§ **YOUR INSTRUCTIONS**
After locating the line that contains "One thing that", transcribe exactly that line and each one after it until the data ends, skipping pictures.

§ **RECORDED INFORMATION**
******

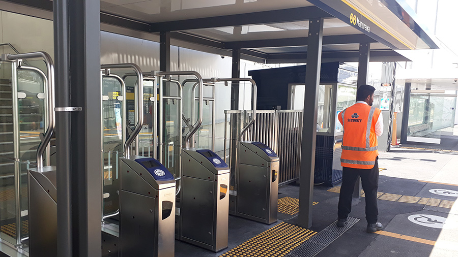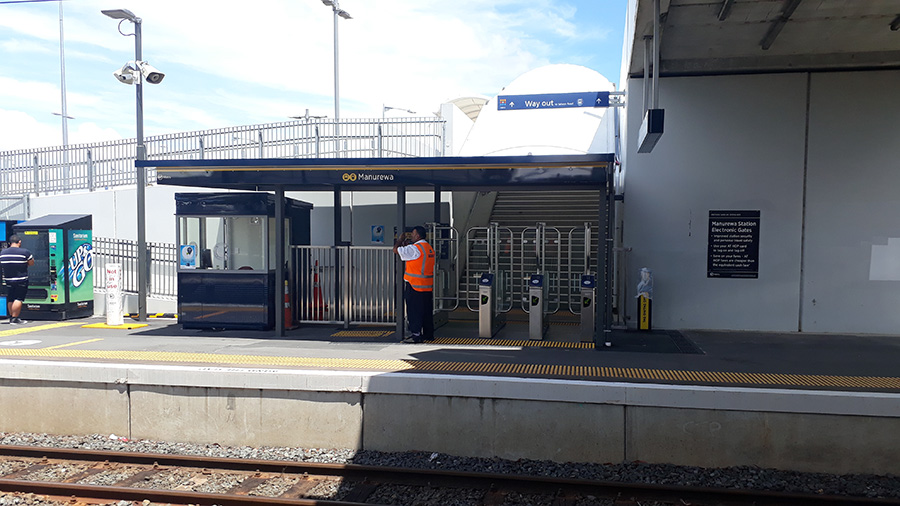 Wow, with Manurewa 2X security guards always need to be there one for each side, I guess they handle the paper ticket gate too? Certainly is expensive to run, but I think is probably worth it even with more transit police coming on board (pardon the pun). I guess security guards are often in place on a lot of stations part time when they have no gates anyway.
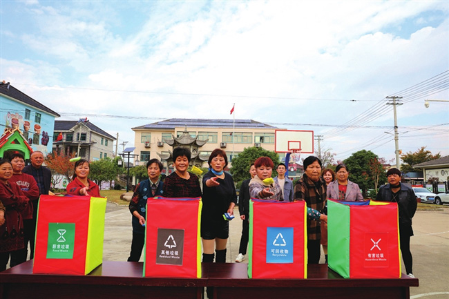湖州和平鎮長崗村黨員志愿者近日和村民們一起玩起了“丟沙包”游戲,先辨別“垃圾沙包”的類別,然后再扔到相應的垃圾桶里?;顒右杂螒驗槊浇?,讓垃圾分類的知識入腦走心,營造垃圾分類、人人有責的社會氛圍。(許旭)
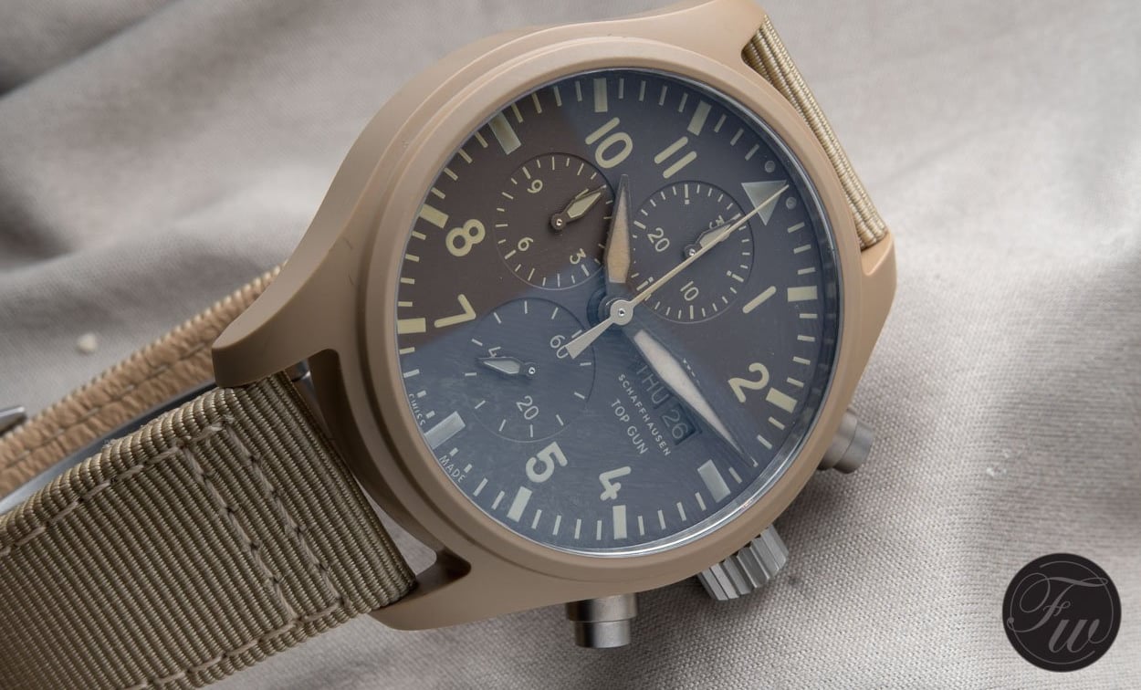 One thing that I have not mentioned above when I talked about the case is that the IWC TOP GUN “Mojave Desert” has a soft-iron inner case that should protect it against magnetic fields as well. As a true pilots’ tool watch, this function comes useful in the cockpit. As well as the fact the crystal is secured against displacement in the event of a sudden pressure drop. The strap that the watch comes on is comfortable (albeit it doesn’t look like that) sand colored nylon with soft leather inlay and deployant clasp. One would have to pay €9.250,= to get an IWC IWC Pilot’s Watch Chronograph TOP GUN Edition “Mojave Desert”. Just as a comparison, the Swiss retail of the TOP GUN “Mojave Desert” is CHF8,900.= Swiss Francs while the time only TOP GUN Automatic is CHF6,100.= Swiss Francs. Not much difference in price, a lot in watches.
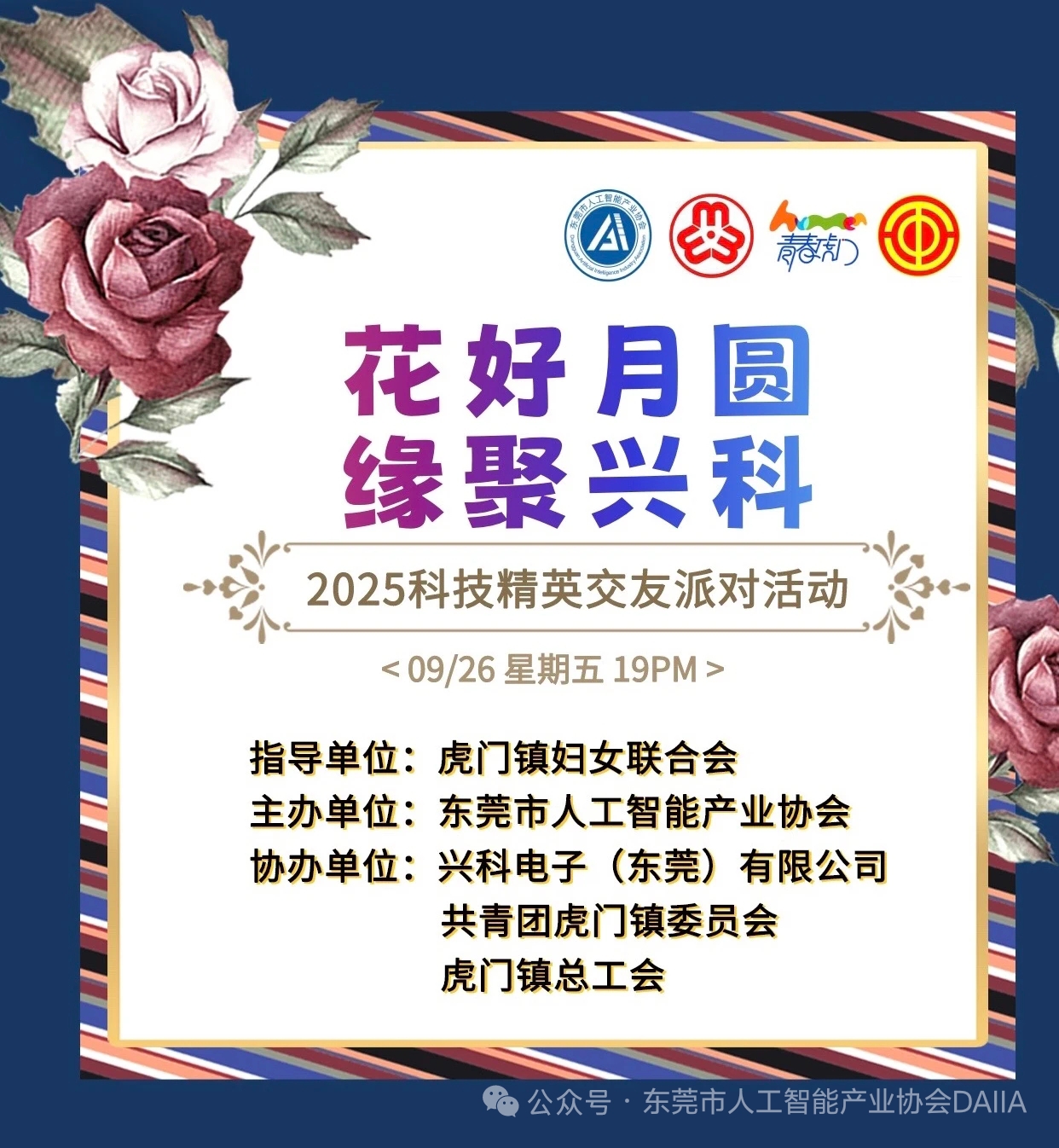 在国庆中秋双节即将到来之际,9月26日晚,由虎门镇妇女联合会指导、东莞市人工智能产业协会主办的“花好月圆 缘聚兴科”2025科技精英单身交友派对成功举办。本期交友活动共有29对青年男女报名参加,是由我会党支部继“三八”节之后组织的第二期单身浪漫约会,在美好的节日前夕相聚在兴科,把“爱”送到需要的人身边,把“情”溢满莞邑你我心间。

******

§ **REPLY**
 One thing that I have not mentioned above when I talked about the case is that the IWC TOP GUN “Mojave Desert” has a soft-iron inner case that should protect it against magnetic fields as well. As a true pilots’ tool watch, this function comes useful in the cockpit. As well as the fact the crystal is secured against displacement in the event of a sudden pressure drop. The strap that the watch comes on is comfortable (albeit it doesn’t look like that) sand colored nylon with soft leather inlay and deployant clasp. One would have to pay €9.250,= to get an IWC IWC Pilot’s Watch Chronograph TOP GUN Edition “Mojave Desert”. Just as a comparison, the Swiss retail of the TOP GUN “Mojave Desert” is CHF8,900.= Swiss Francs while the time only TOP GUN Automatic is CHF6,100.= Swiss Francs. Not much difference in price, a lot in watches.
 在国庆中秋双节即将到来之际,9月26日晚,由虎门镇妇女联合会指导、东莞市人工智能产业协会主办的“花好月圆 缘聚兴科”2025科技精英单身交友派对成功举办。本期交友活动共有29对青年男女报名参加,是由我会党支部继“三八”节之后组织的第二期单身浪漫约会,在美好的节日前夕相聚在兴科,把“爱”送到需要的人身边,把“情”溢满莞邑你我心间。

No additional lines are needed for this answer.